What local, small models are you all using?

devxyn@sh.itjust.works · 5 months ago

What local, small models are you all using?

FrankLaskey@lemmy.ml · 5 months ago

In my opinion, Qwen3-30B-A3B-2507 would be the best here. Thinking version likely best for most things as long as you don’t mind a slight penalty to speed for more accuracy. I use the quantized IQ4_XS models from Bartowski or Unsloth on HuggingFace.

I’ve seen the new OSS-20B models from OpenAI ranked well in benchmarks but I have not liked the output at all. Typically seems lazy and not very comprehensive. And makes obvious errors.

If you want even smaller and faster the Qwen3 Distill of DeepSeek R1 0528 8B is great for its size (esp if you’re trying to free up some VRAM to use larger context lengths)

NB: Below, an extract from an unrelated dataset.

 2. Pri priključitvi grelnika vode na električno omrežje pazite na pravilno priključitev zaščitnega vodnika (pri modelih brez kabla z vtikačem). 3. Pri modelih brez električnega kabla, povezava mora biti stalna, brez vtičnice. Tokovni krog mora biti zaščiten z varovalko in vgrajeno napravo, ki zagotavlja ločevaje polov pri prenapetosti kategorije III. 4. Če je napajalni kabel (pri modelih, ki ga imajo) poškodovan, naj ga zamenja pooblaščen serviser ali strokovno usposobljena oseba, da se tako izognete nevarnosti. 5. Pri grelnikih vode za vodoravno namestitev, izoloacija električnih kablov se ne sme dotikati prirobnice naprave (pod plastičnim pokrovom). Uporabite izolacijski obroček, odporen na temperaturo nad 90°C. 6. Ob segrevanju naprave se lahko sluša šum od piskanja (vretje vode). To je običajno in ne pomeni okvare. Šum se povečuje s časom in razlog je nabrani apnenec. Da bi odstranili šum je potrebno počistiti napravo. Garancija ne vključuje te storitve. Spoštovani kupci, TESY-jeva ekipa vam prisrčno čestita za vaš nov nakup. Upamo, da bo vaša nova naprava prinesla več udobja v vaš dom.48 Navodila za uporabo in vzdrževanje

devxyn@sh.itjust.works · 5 months ago

That’s what I’m using, and it’s pretty nice. Thanks for your input!

𞋴𝛂𝛋𝛆@lemmy.world · 5 months ago

Qwen 2.5 VL and Code. I have a VL doing image captions for LoRA training running now. A 14B is okay for basic code. A quantized 32B 6KL gguf of the same Qwen 2.5 code model runs on 16GB but at a third of the speed of the 14B in bits and bytes 4b. The latter is reasonably fast enough for a couple layers of agentic stuff in emacs with gptel and hits thinking or function calling out of a llama.cpp server better than 50% of the time.

I still haven’t tried the new 20B out of Open AI yet.

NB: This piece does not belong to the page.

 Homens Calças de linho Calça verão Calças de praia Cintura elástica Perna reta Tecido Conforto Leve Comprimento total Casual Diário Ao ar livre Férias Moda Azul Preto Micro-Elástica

SmokeyDope@lemmy.world · 5 months ago

I’m a big fan of NousResearch their deephermes release was awesome and now I’m trying out Hermes 4. I have an 8gb 1070ti GPU was able to fully offload a medium quant of hermes 4 14b with an okay amount of context.

I’m a big fan of the hybrid reasoning models I like being able to turn thinking on or of depending on scenario.

I had a vision model document scanner + TTS going on with a finetune of qwen 2.5 vl and outetts.

If you care more about character emulation for writing and creativity then mistral 2407 and mistral NeMo are other models to check out.